The waterfall, known as Angel Falls, was named after the American pilot who saw the natural wonder from his plane in 1933.
But Chavez said Sunday he wants the falls to be called by its Pemon Indian name: Kerepakupai-Meru.
Karen Angel, Angel’s niece who runs the Arcata-based Jimmie Angel Historical Project, says the name should remain because he was the one who made the falls known to the world.
“Jimmie Angel loved Venezuela and its people. He flew missions of mercy for the indigenous Pemon of the Kamarata Valley,” she said in an e-mail. “My position has always been that Jimmie Angel made the waterfall known to the world, and thus he ‘discovered’ it in that context.”
The waterfall, one of the country’s most popular tourist attractions, is 3,212 feet (979 meters) high.
Chavez said Angel may have been the first to eye the waterfall from the air. “But how many millions of indigenous eyes saw it, and prayed to it,” Chavez said.

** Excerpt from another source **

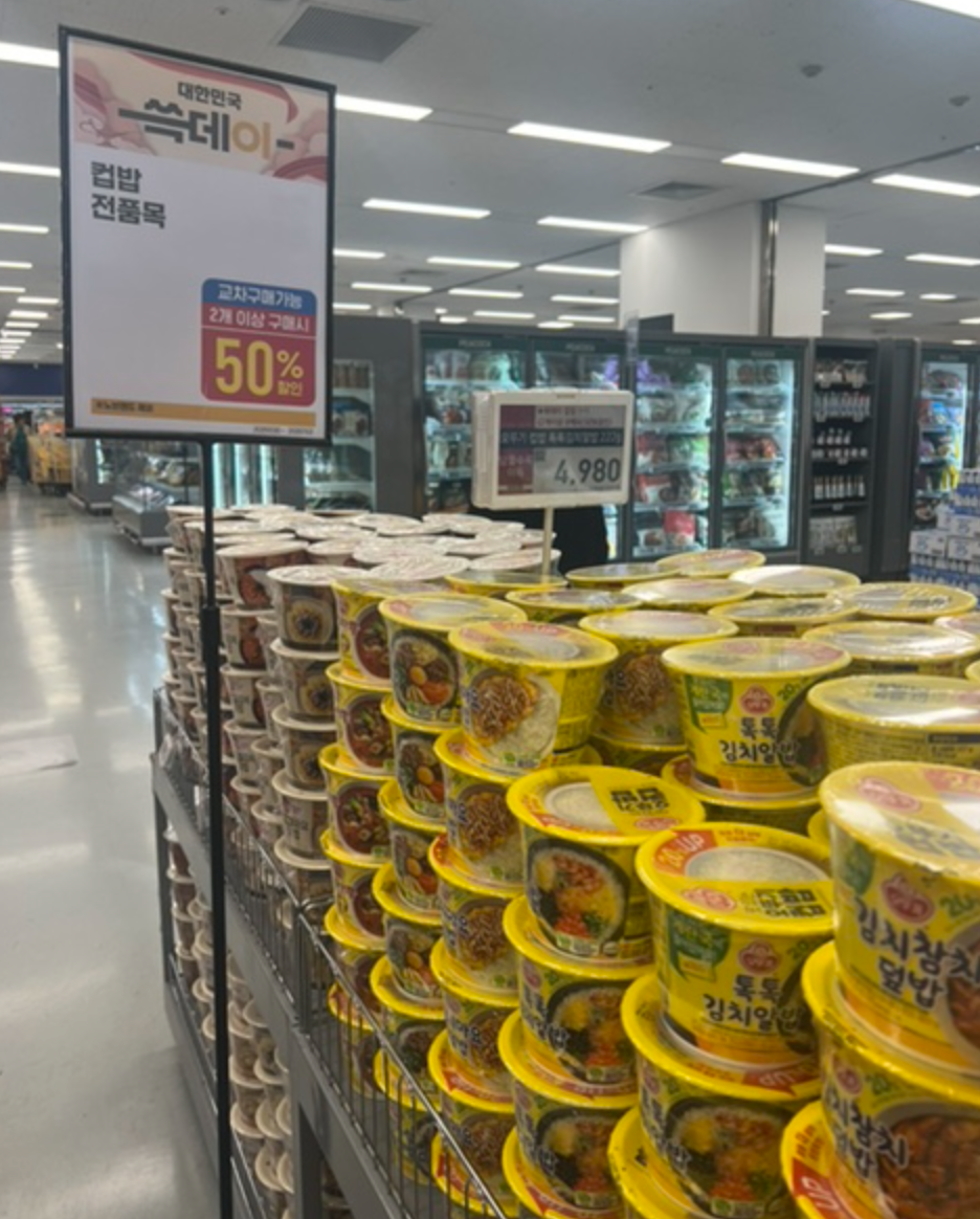 - 즉석밥·컵밥 전제품 2개 이상 50% 할인

Karen Angel says the Pemon who live next to the site don’t even use the name Chavez has selected. She says current research works use the Angel Falls name or another indigenous name, Churun-Vena.
“(Chavez) should want people from the ‘outside’ to come to see the waterfall,” she wrote. “Tourism to the waterfall is the Pemon’s primary source of money.”